You can download the dataset from the UCI Machine Learning repository and save it as sonar.csv in your working directory.

This dataset is a great choice for benchmark testing as it’s well-understood. All input features are continuous, typically ranging between 0 and 1, while the output variable is labeled as “M” for mine and “R” for rock. These labels must be converted to numerical values (1 and 0, respectively).

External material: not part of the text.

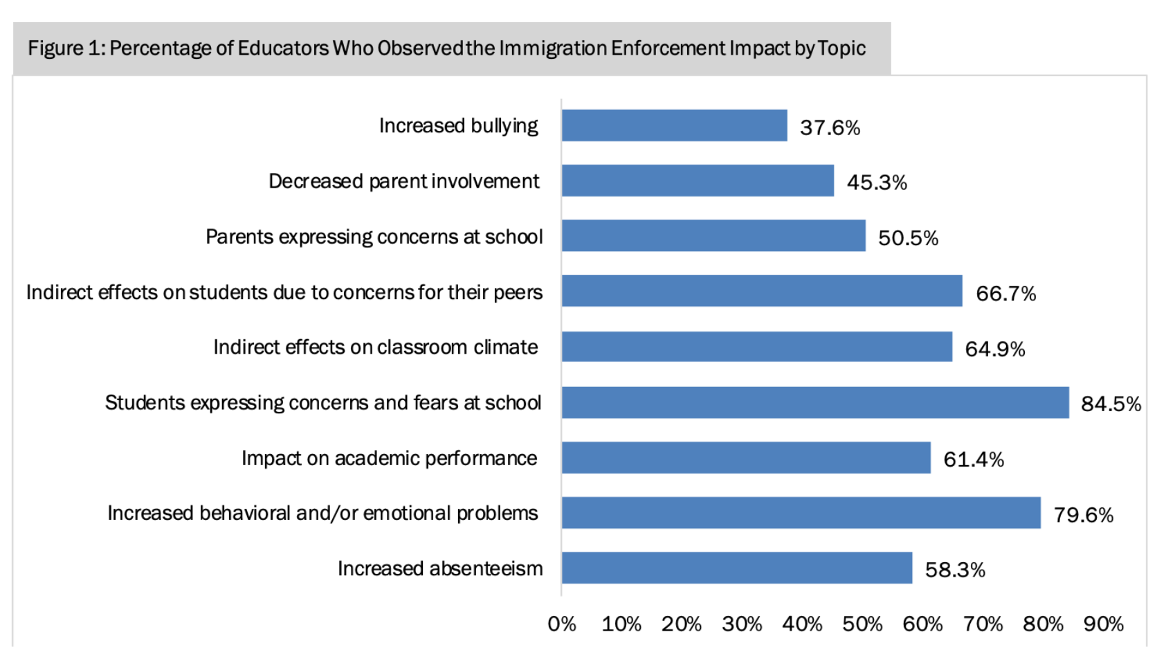 Some organizations have tried to do just that. In January 2020, the Harvard Immigration Initiative released a study featuring educator accounts of the impact of immigration enforcement on their students. The study found that roughly 80% of educators observed concern or outright fear regarding immigration enforcement as well as increased behavioral and/or emotional problems from students.

To convert the labels, we will utilize the LabelEncoder from Scikit-learn after loading the dataset with pandas:

import pandas as pd
from sklearn.preprocessing import LabelEncoder

# Load the dataset
data = pd.read_csv("sonar.csv", header=None)
X = data.iloc[:, 0:60]
y = data.iloc[:, 60]

# Convert string labels to integers
encoder = LabelEncoder()
encoder.fit(y)
y = encoder.transform(y)

You can check the labels using:

print(encoder.classes_)

This will output:

['M' 'R']

When you print y, you’ll see:

[1 1 1 ... 0 0 0]

This indicates that the labels have been successfully converted to 0s and 1s.

Next, it’s time to convert the dataset into PyTorch tensors:

import torch

X = torch.tensor(X.values, dtype=torch.float32)
y = torch.tensor(y, dtype=torch.float32).reshape(-1, 1)

Creating the Model

Now it’s time to define the neural network model for our binary classification task.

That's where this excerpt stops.